Adding to the difficulty of the terrain, the rock was so sharp that it bloodied every one of their fingertips. To keep from continuously ripping the skin off their fingers, they wrapped them in tape.
As if climbing nails-hard terrain up a 2,000-foot wall isn’t hard enough, the team constantly battled the changing weather. “The storms were all over the place,” said Harrington. “A massive hurricane hit off the coast of Portugal. Some days fog rolled in, and other days it was raining, and there were thunderstorms. Here we have big lightning storms called ‘chubasco.’”
What brought DiGiulian and her team to Spain, and why did they choose big wall-free climbing at the highest caliber? “It’s that feeling of digging deep and succeeding on something you didn’t think was possible,” DiGiulian says. “Big wall free climbing is a reminder of what humans are capable of.”
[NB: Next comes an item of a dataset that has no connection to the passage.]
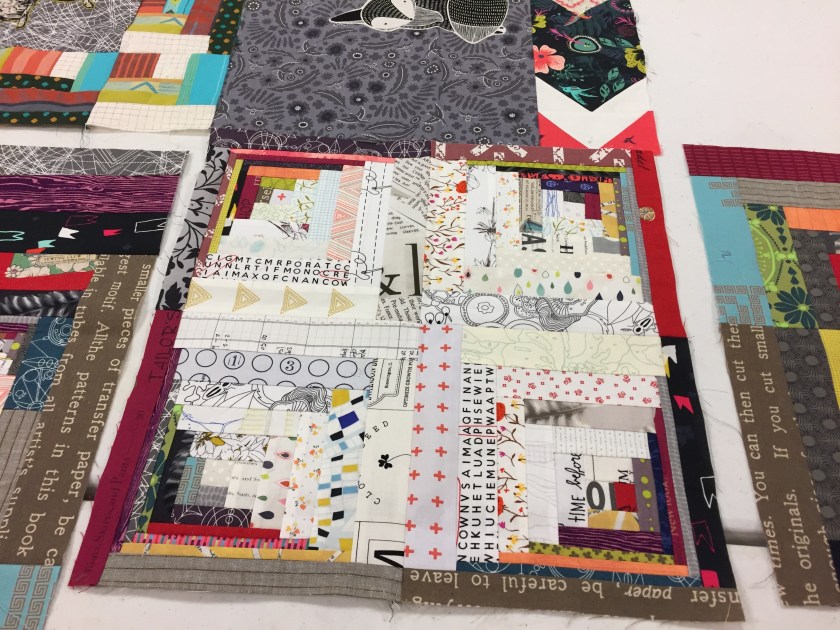 Right now I am working on the “parts department” improv quilt.  See the earlier post on this quilt project.

In an arena of endless steep rock, where it all comes down to executing the hardest sequences that are set thousands of feet off the ground, DiGiulian says, “That’s what we do, and that’s what we came here for.”
With their trip now over, “We’re already talking about another project together,” says Söderlund. “We complement each other’s climbing styles really well.”